Ca aurait pu être le bleu de l’horizon, bleu pastel, mais l’horizon est un peu gris en cette saison. Il doit s’agir des sempiternelles giboulées de mars qui ont tendance à perdurer de novembre à juin… « La faute à ceusses qui envoient des fusées dans l’espace, ça, ma bonne dame, ce n’est pas normal d’aller se promener dans l’espace… ça doit percer la couche d’ozone… ça va nous faire tomber le ciel sur la tête… »
Ca aurait pu être le bleu lavande ou le bleu du ciel de Provence. Ca aurait pu être le bleu de l’océan, tout au bord d’une falaise. Ca aurait pu être une maison bleue adossée à la colline, Ca aurait pu être des montagnes bleues dans l’horizon azuréen. Mais incontestablement, à 23 km au sud de Paris, il n’y a pas de tels paysages.
Ca aurait pu être un rêve bleu, un conte bleu, merveilleux. Un rêve longtemps cultivé, encouragé par toutes les lectures d'aventuresques épopées dans des châteaux en Espagne magnifiquement décorés, de belles princesses et de charmants princes... Mais tout le monde sait que les contes n’existent que dans les histoires pour les petites filles ou les petits garçons… Et j’ai passé l’âge de croire aux contes… :)

Une chose est sûre…
C’était le bleu de mes yeux, un peu fleur bleue, jouant aux reflets avec le bleu du ciel. Et dans les histoires, les yeux bleus sont toujours jolis, même si dans la vie il n’en est pas de même... J’ai dit que je n’avais plus l’âge de croire aux histoires, pas que je ne l’avais jamais eu :)

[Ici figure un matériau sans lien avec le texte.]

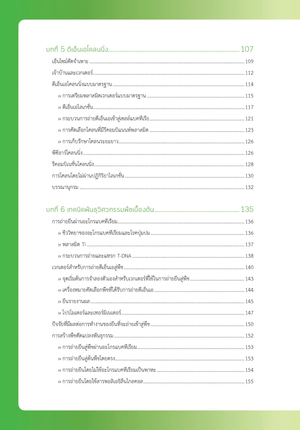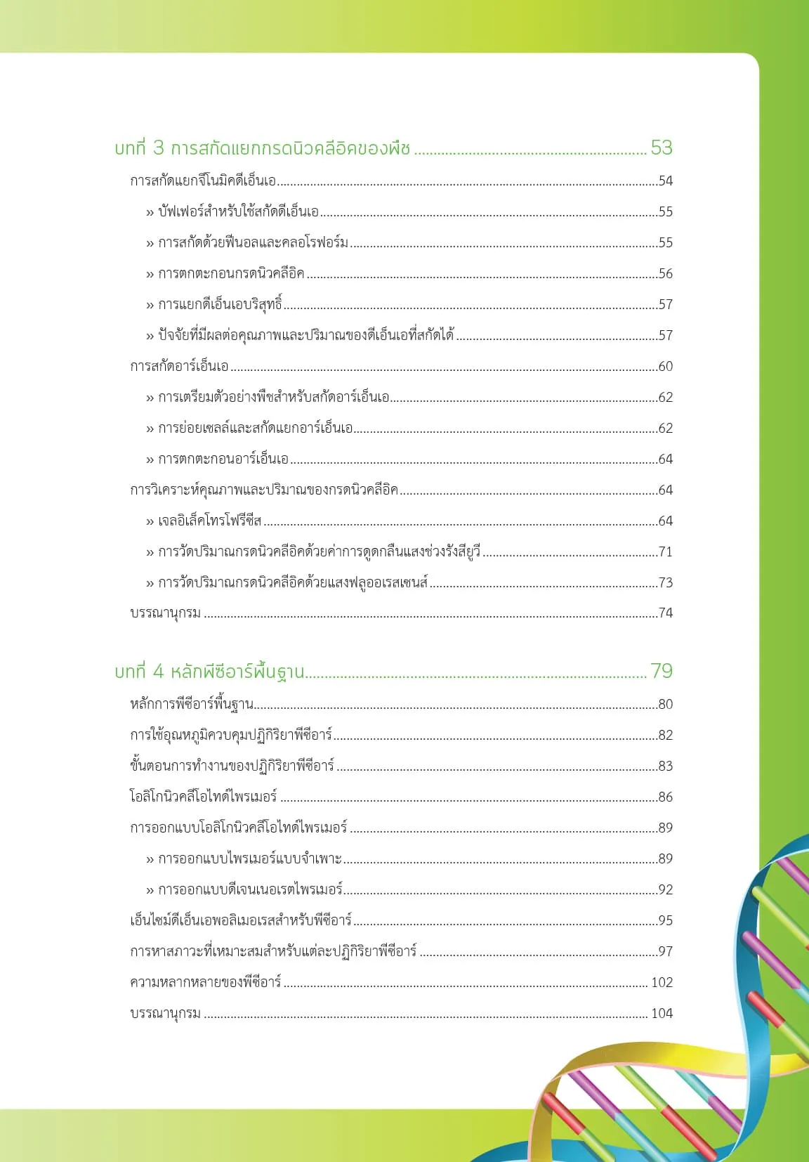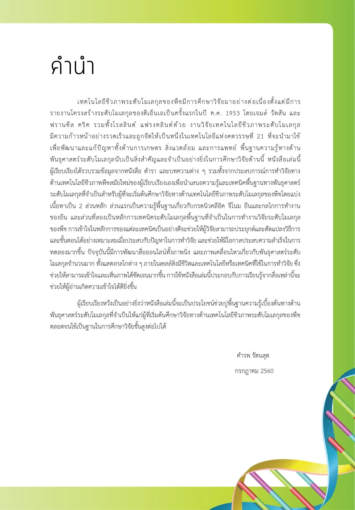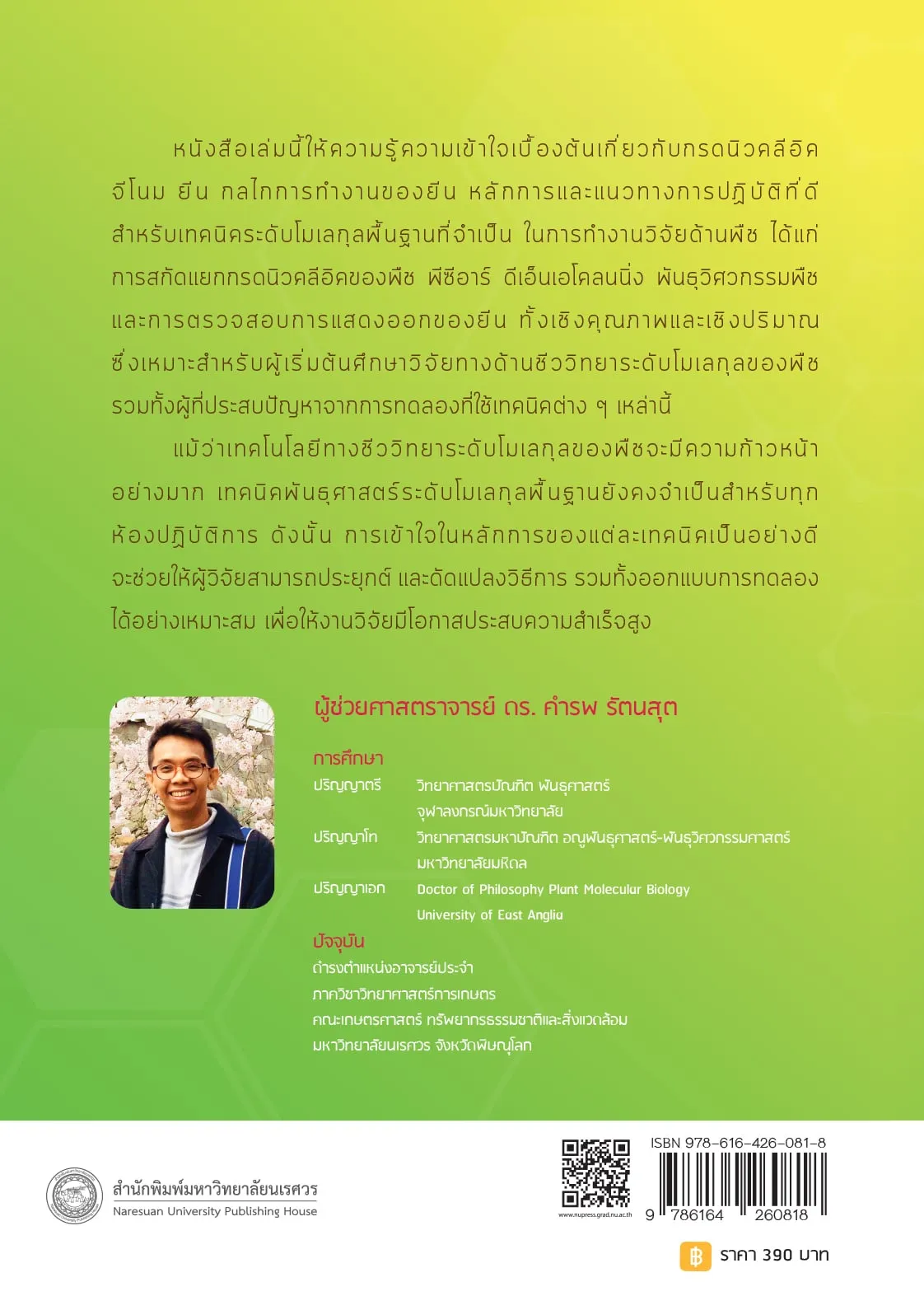 หนังสือเล่มนี้ให้ความรู้ความเข้าใจเบื้องต้นเกี่ยวกับกรดนิวคลีอิคจีโนม ยีน กลไกการทำงานของยีน หลักการและแนวทางการปฏิบัติที่ดี สำหรับเทคนิคระดับโมเลกุลพื้นฐานที่จำเป็น ในการทำงานวิจัยด้านพืช ได้แก่ การสกัดแยกกรดนิวคลีอิคของพืช พีซีอาร์ ดีเอ็นเอโคลนนิ่ง พันธุวิศวกรรมพืช และการตรวจสอบการแสดงออกของยีน ทั้งเชิงคุณภาพและเชิงปริมาณ ซึ่งเหมาะสำหรับผู้เริ่มต้นศึกษาวิจัยทางด้านชีววิทยาระดับโมเลกุลของพืช รวมทั้งผู้ที่ประสบปัญหาจากการทดลองที่ใช้เทคนิคต่าง ๆ เหล่านี้ แม้ว่าเทคโนโลยีทางชีววิทยาระดับโมเลกุลของพืชจะมีความก้าวหน้าอย่างมาก เทคนิคพันธุศาสตร์ระดับโมเลกุลพื้นฐานยังคงจำเป็นสำหรับทุกห้องปฏิบัติการ ดังนั้น การเข้าใจในหลักการของแต่ละเทคนิคเป็นอย่างดีจะช่วยให้ผู้วิจัยสามารถประยุกต์ และดัดแปลงวิธีการ รวมทั้งออกแบบการทดลอง ได้อย่างเหมาะสม เพื่อให้งานวิจัยมีโอกาสประสบความสำเร็จสูง

C’était le beau Danube bleu, valse d’un jour heureux.
C’étaient toutes les petites bulles bleues d’un rêve bleu fantaisie ou bleu d’orient, pétillant de mille feux magiques.
C’était sur une planète bleue, un monde tout bleu, un monde à part, un monde rêvé, un monde imaginé, pensé, longtemps, petit à petit.

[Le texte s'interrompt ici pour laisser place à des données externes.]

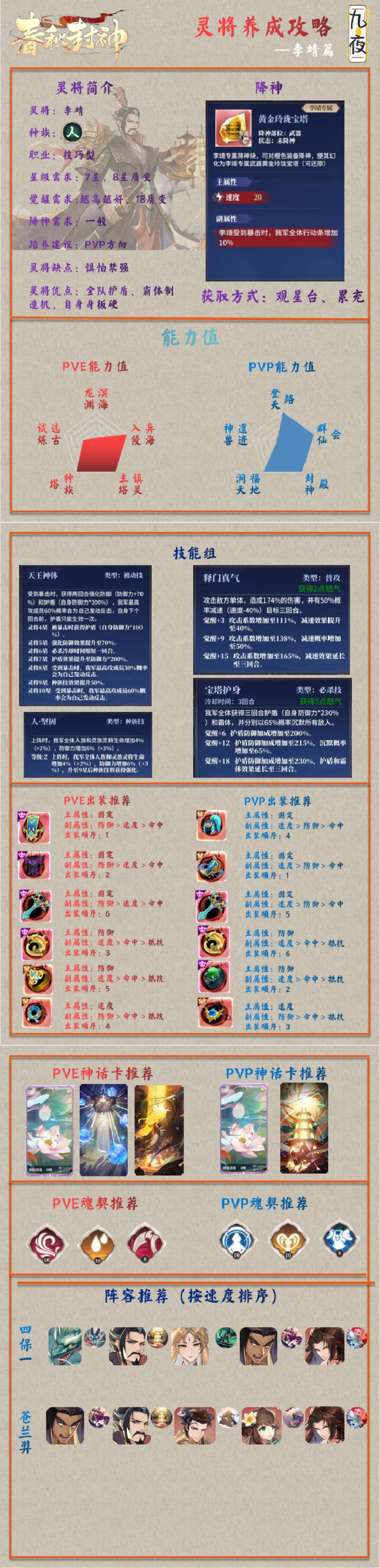 本来想做一图流推荐,奈何作图水平有限,还是打字来的实在。 这期为大家推荐李靖的养成攻略。 1.装备推荐。 头盔: 神凛。 主属性:固定 副属性:速度(必须)、命中、百分比防御(抵抗) 对方减条加上自身清减益,增加了自身的生存能力。 为什么不选择曜?李靖觉醒18的时候盾和霸体持续3回合,CD3回合,是无缝衔接的。 衣服: 神水镜/神凝血 主属性:固定 副属性:速度(必须)、命中、百分比防御(抵抗) 之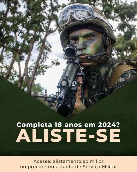 A Junta de Serviço Militar de Marechal Rondon alerta os jovens do sexo masculino, nascidos em 2006, que já completaram ou que completam 18 anos até 31 de dezembro, residentes no município, para que façam o alistamento militar.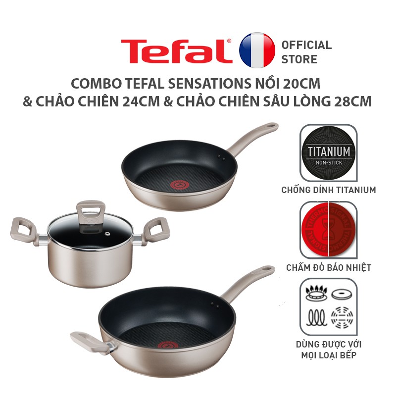 Giới thiệu [Mã LIFEHL25 giảm 10% đơn 350K] Combo Tefal Sensations Nồi 20cm & Chảo chiên 24cm & Chảo chiên sâu lòng 28cm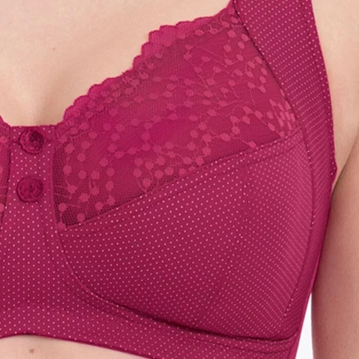 Dámská podprsenka s decentním kontrastním puntíkem Vás zaujme a potěší každý den. Bez kosticová podprsenka pro každou aktivní ženu z kolekce Orely značky Anita. Romantická a hravá s drzými detaily vybavena francouzským puntíkovaným šarmem. Vysoce funkční pletenina použitá pro třídílné košíčky zaručují dokonalou oporu až do šálku H. Tato podprsenka je o pohodlí: můstek má jemně klenutý trojúhelník v oblasti břicha, zatímco polstrované ramínka zadní části vyrobené z tylu Power uvolňují napětí. Košíčky bez výztuže mají vysoký střed a jsou v horní části zavřeného střihu. Podprsenka má zapínání na tři háčky ve třech polohách, toto pomáhá jednoduchému svlékání a oblékání.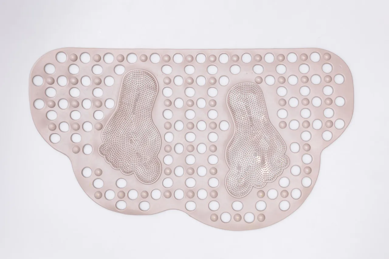 Рельефные массажные зоны выполнены в анатомической форме, что дополнительно улучшает ощущение комфорта при стоянии и активирует точки на стопах, способствуя расслаблению мышц. Вес коврика, составляющий 500 г, гарантирует его неподвижность во время водных процедур, исключая возможность случайного смещения.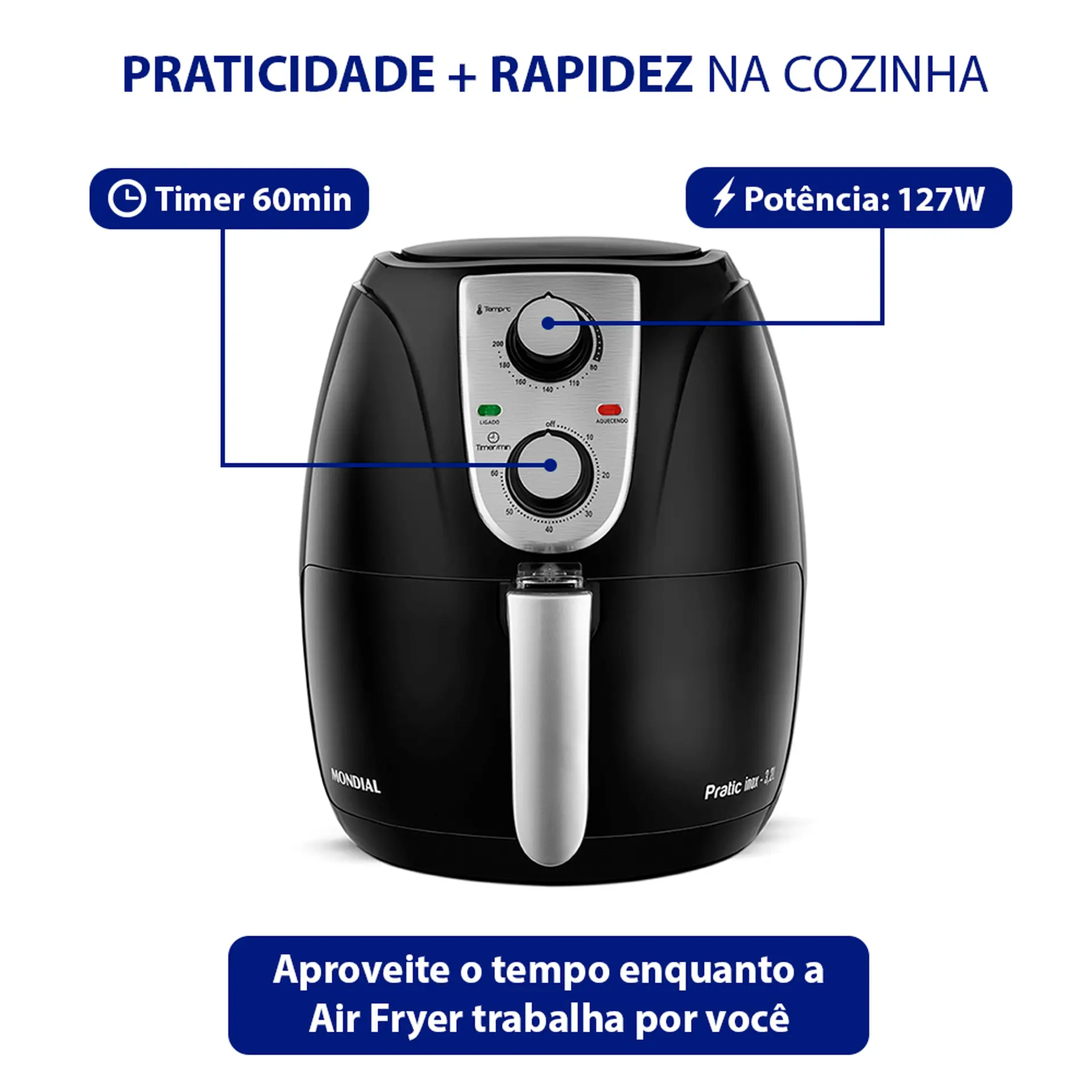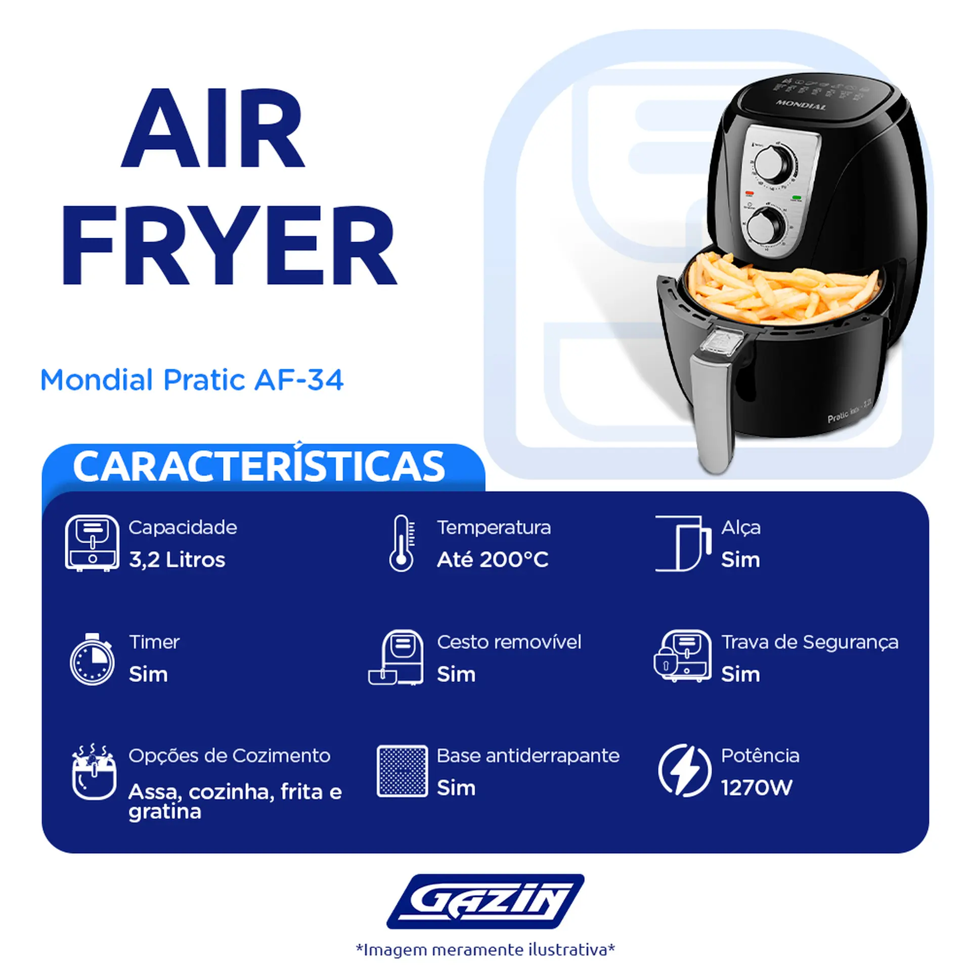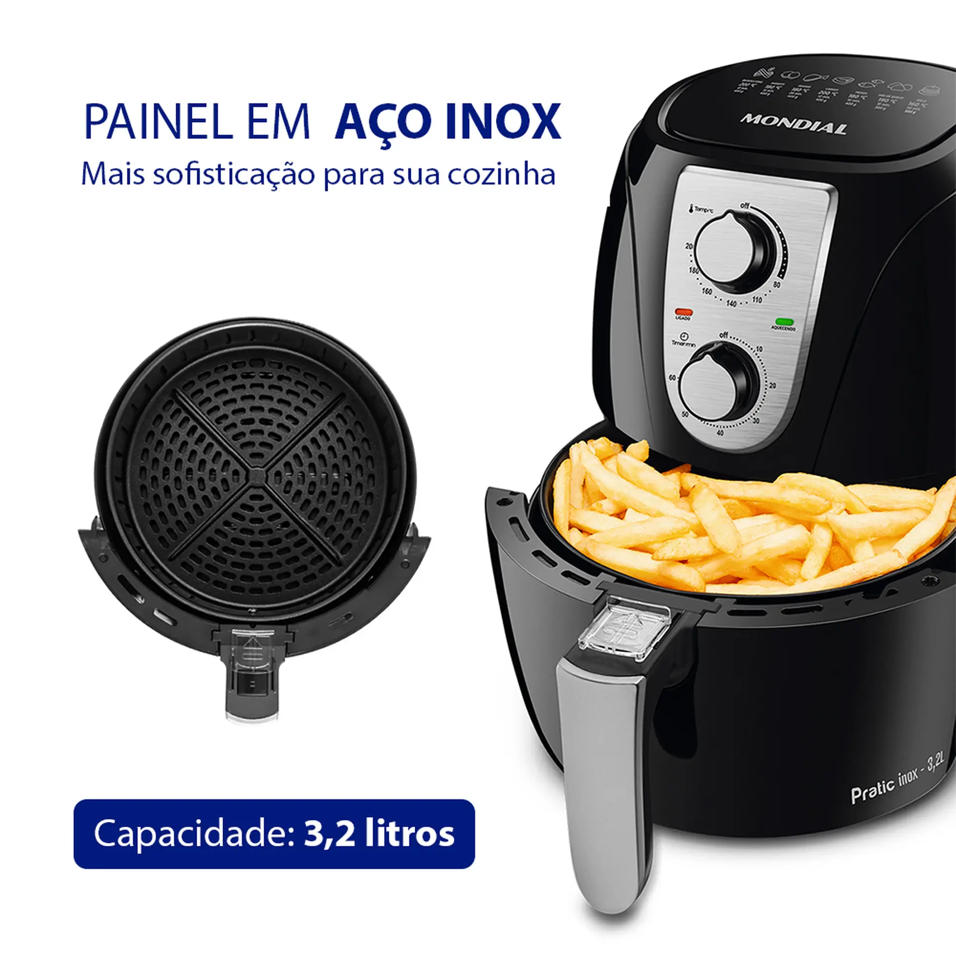 FRITADEIRA ELÉTRICA AIR FRYER MONDIAL PRATIC AF-34 3,2L 1200W COM TIMER

C’était un jour de colère bleue, suffocante, c’était un bleu saphir, profond.
C’était un tout petit oiseau bleu, si petit dans l’azur des cieux.
C’était le bleu de l’âme, la vague bleue des eaux qui s'écoulent.
C’était le bleu des réponses dures, le bleu des blessures.
C’étaient les matins bleus avec les bleus au cœur.
C’était une peur bleue.
C’était le bleu du froid, trop souvent, transperçant.
C’était le bleu de la nuit, triste bleu, le bleu de l’oubli, bleu remué, bleu agité.

Mais c’est aussi le bleu qui entoure, il parait que le bleu est une couleur qui calme, qui apaise au profond de soi. C’est l’idée générale qui avait présidé à ma décision de tapisser mon bureau en bleu. Donc j’aurais pu mettre une photo de mon bureau mais entre les bibliothèques de livres de travail, les bibliothèques de livres de loisirs créatifs et les bibliothèques de romans et autres chosàlires… on ne voit plus beaucoup la couleur du bureau… Il me reste donc la … cuisine… oui oui oui, démontée et remontée en fin d’année dernière, enfin d’année dernière entière, et passée d’une superposition de meubles et fonctionnalités disparates d’une horrible mocheté de couleur marronâtre à un superbe composition de couleur bleue. Et si j’en crois le « petit livre du zen dans l’art culinaire », ça peut être utile d’avoir une couleur qui apaise dans la cuisine , non ? :)


Mais les flots des lendemains ne sont pas toujours bleus... Les cieux des lendemains ne sont pas toujours cieux, les rêves des lendemains ne sont pas toujours rêves... Ils sont juste "lendemains". On va dire qu'ils ont le mérite d'exister et que c'est déjà pas mal. :)
Bonne soirée et bons lendemains à vous.
Véronique
PS : message récupéré des décombres de son domicile précédent.